GOAL
Every 30 mins I get a new bunch of price related data:
CurrentDatetime, CurrentPrice, Feature1, Feature2
I want to predict the price in 2 hours from now, so 4x30mins (4 steps into the future)
PROBLEM DESCRIPTION
I am puzzled what google vertex auto-ml forecasting is doing and if I can trust the results I am getting.

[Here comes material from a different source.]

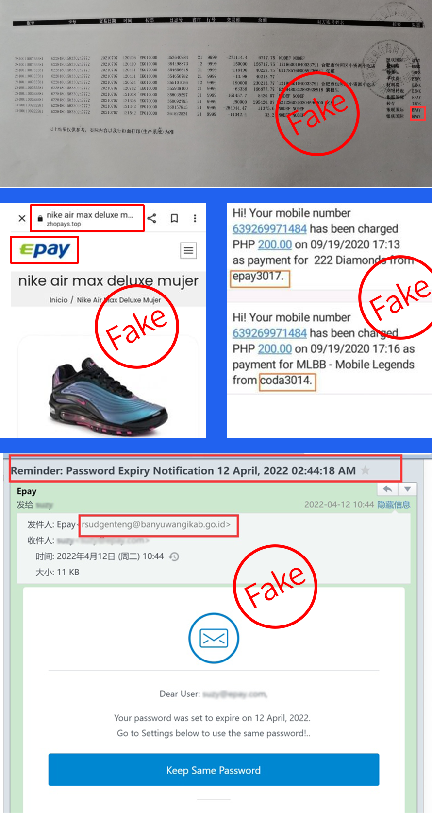 Risk Reminder and the Statement about Abusing the Name of Epay to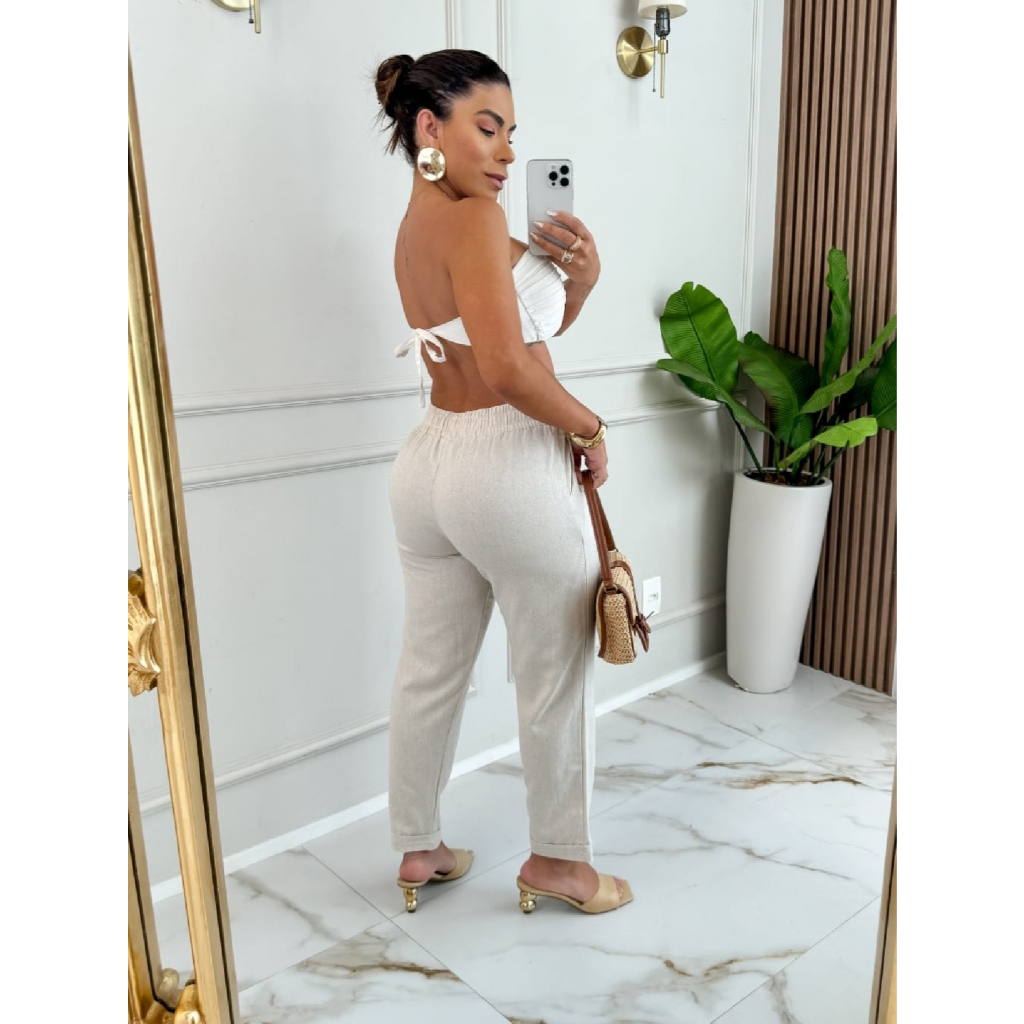 Calça Feminina TEREZA com Barra Italiana Linho PREMIUM e elástico no cós casual

Also unsure how to use a trained model for batch predicting.
WHAT I DID
I think the way to set up the training dataset is to add:
TargetDateTime column (2 hours ahead of CurrentDatetime)
TargetActualPrice column (the actual price 2 hours into the future)
TimeSeriesId column (always equal to 1 as all the data is one time
series).
This means, every 30 mins I now have:
CurrentDatetime, CurrentPrice, Feature1, Feature2, TargetDateTime, TargetActualPrice, TimeSeriesId
I use this dataset to train an auto-ml forecast model, setting:
"series Identifier Column" to TimeSeriesId,
"Target Column" to TargetActualPrice,
"Timestamp Column" to TargetDateTime
"Data granularity" to 30mins
"Forecast Horizon" to 4
"Context Window" to 4 (use last 2 hours of historic data to predict next 2 hours)
Split train/val/test chronologically (on TargetDateTime as is Timestamp column)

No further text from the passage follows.